Как для самого писателя, так и для его героев основой практической нравственности была религия. Лесковский герой руководствуется мыслью о необходимости совершения благих дел для своего спасения. В связи с этим В. Ю. Троицкий замечает, что «многие образы писателя были «иконами», но не в том смысле, что они были религиозны по существу, а в том, что наиболее значительные их черты отражались писателем «сатирически», «традиционно», в духе религиозных жанров, жанров фольклора и древней русской литературой: житий и притч, легенд и преданий, сказаний, анекдотов и сказок» [Троицкий 1974: 31]. Мы воспринимаем эти образы как вечные, так как временные рамки стираются посредством того, что все рассказы ведутся «кстати», «между прочим». Как отмечает Н.Н. Старыгина, «эти люди невинны, незаметны, но ежедневно, ежечасно совершают они подвиг доброго участия и помощи ближнему. Они «пламенеют желанием добра» <...> и исповедуют религию деятельной любви. В этом состоянии их душ, в этой религии - красота их мира» [Старыгина 2000: 18].

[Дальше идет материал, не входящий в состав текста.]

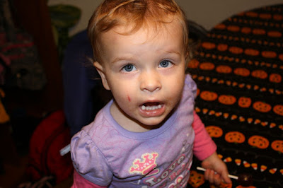 Abigail thought getting candy inside her pumpkin was pretty cool!

Важно отметить, что при выстраивании данного концепта Лесков «не сосредоточивается на формировании человеческих ценностей в итоге пересмотра привычных воззрений, а, напротив, находит нечто живое в недрах традиционного уклада, в рамках сословных отношений» [Богданов 1983: 208]. И это сближает писателя с такими авторами, как Островский, Некрасов, Мельников-Печерский. Все они, как и Лесков, питали неподдельный интерес к народной бытовой культуре. Они видели в ней проверенную веками жизненную практику, которая, сопрягаясь с современностью, совершенно по- новому окрашивала ее.
Своеобразие реализма писателя, специфика тем его произведений обусловливает формирование особенного стиля. Именно стилевое своеобразие произведений автора будет наибольшим образом выделять художника на фоне общей канвы литературного процесса. После смерти Лескова журнал «Труд» напишет, что данный автор «характеризуется своим стилем едва ли не больше, чем своими взглядами и сюжетами» [Цит.по: Гроссман 1945: 270]. Критики и литературоведы (В.Ю. Троицкий, Л.П. Гроссман, А. Чичерин, Д.С. Лихачев, К. Кедрови др.) при изучении стилевого своеобразия писателя в первую очередь обращают внимание на специфику его повествовательной манеры. Она заключается в том, что характеры героев выражаются в первую очередь через склад их говора. Писатель позволяет герою выразить себя тем же языком, которым тот пользуется в своей повседневной жизни, благодаря чему раскрывается вся наивность, которой наполнен образ мыслей героя, и удивительного рода смекалка, с которой герой пользуется словом. «В этом - целая поэтика, целая система писательской работы. В этом - основы характерологии Лескова» [Гроссман 1945: 270].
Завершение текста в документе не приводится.